::: Provided data

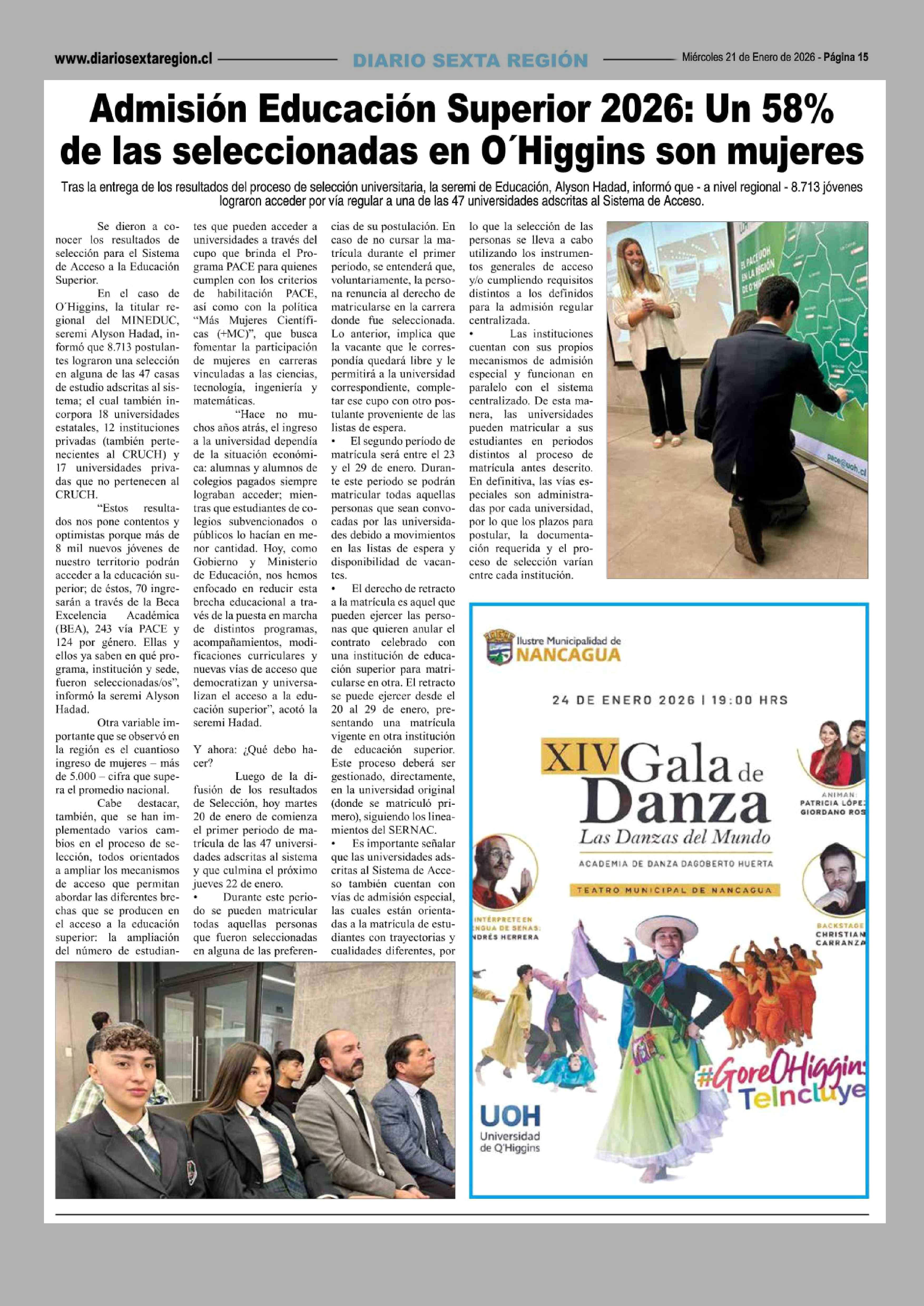 Título: Admisión Educación Superior 2026: Un 58% de las seleccionadas en O'Higgins son mujeres
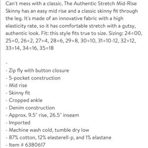 New with Tags! (& still in plastic wrapping from retailer). Everlane The Authentic Stretch Mid Rise Skinny Crop Jeans. Size 23. (Please see photos for sizing chart, material content and additional information).
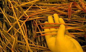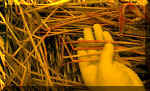 Photo A is the mother of all infra red photos. With thanks to Patrick Harris for the generous loan of his hand, it clearly shows an abnormal display of heat being generated along the stem of the wheat, especially around the bent nodes. This was taken at Windmill Hill 1 day after `touchdown'. A week later, it may be of interest to note, the infra red levels in the genuine formations are noticeably lower.
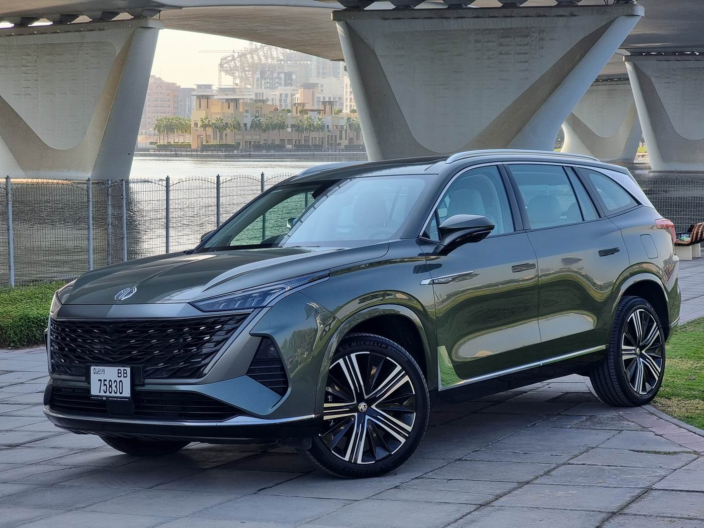 The MG RX9 2025 is a striking full-size SUV that combines elegant coupe-inspired styling with spacious three-row seating, making it a perfect choice for families and group travelers in Dubai. Its bold exterior features include LED lighting, a wide grille, and flowing roofline that exudes sophistication. Inside, the cabin is well-appointed with leather-trimmed seats, power-adjustable front chairs, and a versatile second row that reclines for added comfort. Dual digital screens provide a seamless interface, and a panoramic sunroof enhances the sense of openness. Under the hood, the RX9 is powered by a 2.0-liter turbocharged engine delivering robust performance and paired with a smooth nine-speed automatic transmission. Available all-wheel drive and selectable driving modes—including Sport, Eco, and Off-Road—ensure confidence in various driving conditions. Despite its generous size and performance, the RX9 maintains respectable fuel efficiency for its class. Safety and convenience are well catered for with a full suite of driver-assist systems, such as adaptive cruise control, blind-spot monitoring, lane-keep assist, and a 360-degree camera. The SUV also includes practical features like tri-zone climate control, multiple USB ports, and a premium audio system to keep all passengers comfortable and entertained. Overall, the MG RX9 2025 offers a luxurious, tech-forward, and family-friendly driving experience, making it an excellent rental option for those seeking style, comfort, and capability in Dubai.

::::::

- _Work task_: Copy all of the data above exactly. Leave out every picture.

- _Solution to this problem_:
 Título: Admisión Educación Superior 2026: Un 58% de las seleccionadas en O'Higgins son mujeres
 New with Tags! (& still in plastic wrapping from retailer). Everlane The Authentic Stretch Mid Rise Skinny Crop Jeans. Size 23. (Please see photos for sizing chart, material content and additional information).
 Photo A is the mother of all infra red photos. With thanks to Patrick Harris for the generous loan of his hand, it clearly shows an abnormal display of heat being generated along the stem of the wheat, especially around the bent nodes. This was taken at Windmill Hill 1 day after `touchdown'. A week later, it may be of interest to note, the infra red levels in the genuine formations are noticeably lower.
 The MG RX9 2025 is a striking full-size SUV that combines elegant coupe-inspired styling with spacious three-row seating, making it a perfect choice for families and group travelers in Dubai. Its bold exterior features include LED lighting, a wide grille, and flowing roofline that exudes sophistication. Inside, the cabin is well-appointed with leather-trimmed seats, power-adjustable front chairs, and a versatile second row that reclines for added comfort. Dual digital screens provide a seamless interface, and a panoramic sunroof enhances the sense of openness. Under the hood, the RX9 is powered by a 2.0-liter turbocharged engine delivering robust performance and paired with a smooth nine-speed automatic transmission. Available all-wheel drive and selectable driving modes—including Sport, Eco, and Off-Road—ensure confidence in various driving conditions. Despite its generous size and performance, the RX9 maintains respectable fuel efficiency for its class. Safety and convenience are well catered for with a full suite of driver-assist systems, such as adaptive cruise control, blind-spot monitoring, lane-keep assist, and a 360-degree camera. The SUV also includes practical features like tri-zone climate control, multiple USB ports, and a premium audio system to keep all passengers comfortable and entertained. Overall, the MG RX9 2025 offers a luxurious, tech-forward, and family-friendly driving experience, making it an excellent rental option for those seeking style, comfort, and capability in Dubai.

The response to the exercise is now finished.